Всё было тихо, местные были смирны, в Сусии, недалеко от границы Парфии и Арии, Сатибарзан принял Александра со всеми почестями, осыпал комплиментами и дарами и, используя приём Набарзана, поведал историю с убийством Дария: сам Сатибарзан ни в чём не виноват, всё устроил Бесс, его люди были расставлены везде — царь царей был обречён. Александр в целом поверил, как водится, оставил Сатибарзана сатрапом и разместил в провинции лишь несколько сторожевых постов, оставив командовать ими Анаксиппа — как бы для поддержания порядка и ограждения от возможного мародёрства. На самом же деле Анаксипп должен был приглядывать за Сатибарзаном — стелил сатрап гладко, но всё же…

      Теперь путь армии лежал на юг, её ждала Дрангиана с засевшим в ней Барсаэнтом. Однако дойти до очередной сатрапии без проблем македонянам не удалось: царь Азии получил известие, что бунтарь и цареубийца Бесс объявил себя наследником Дария, взял тронное имя и стал именоваться Артаксерксом V. Надежды на спокойный марш рассы;пались в прах: воодушевлённый действиями Бесса Сатибарзан призвал своих людей к бунту и перебил оставленных в Арии македонян. Взбешённый Александр развернул войско, за два дня покрыл почти двадцать парасангов и ворвался к подлым изменникам. Снова начались схватки и бои, снова полилась кровь…

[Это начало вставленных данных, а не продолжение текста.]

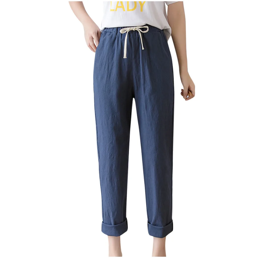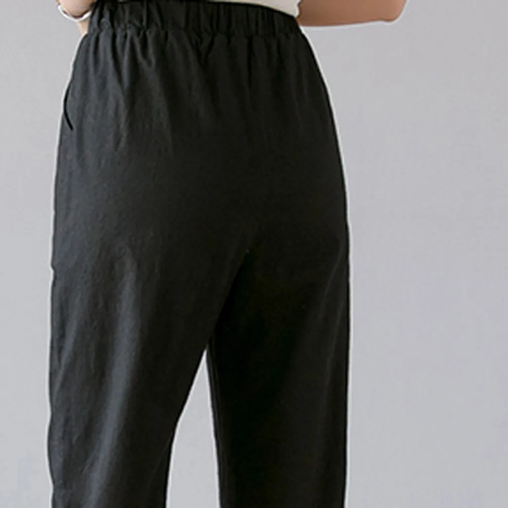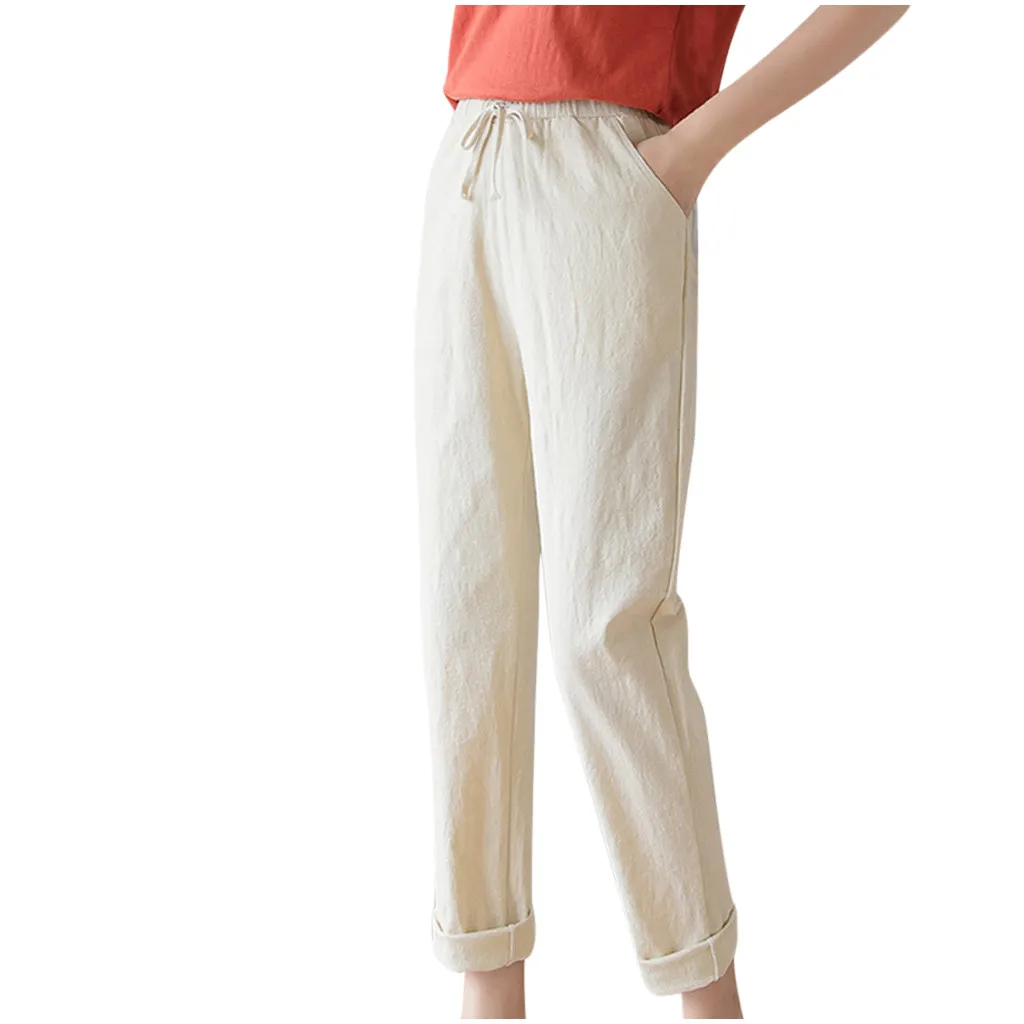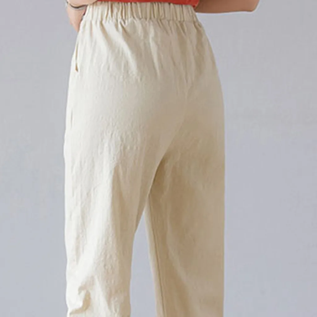 Women's High Waist Linen Loose Casual thin Wide Leg Linen Cropped Pants

      Свой полководческий талант Сатибарзан переоценил, стойкого сопротивления оказать не смог и решил уйти вглубь Арии, чтобы Александр в погоне за ним измотал своё войско. Кроме того, большая часть сторонников бунтовщика засела на небольшой, но чрезвычайно не удобной для осады горе. Оставлять персов в тылу было нельзя, не высылать погоню за Сатибарзаном тоже не представлялось возможным — Александр отправился вдогонку за мятежником сам, а возвышенность с затаившимися на ней тринадцатью тысячами человек приказал осаждать Кратеру, но ни в коем случае в безрассудную атаку с большими жертвами не идти.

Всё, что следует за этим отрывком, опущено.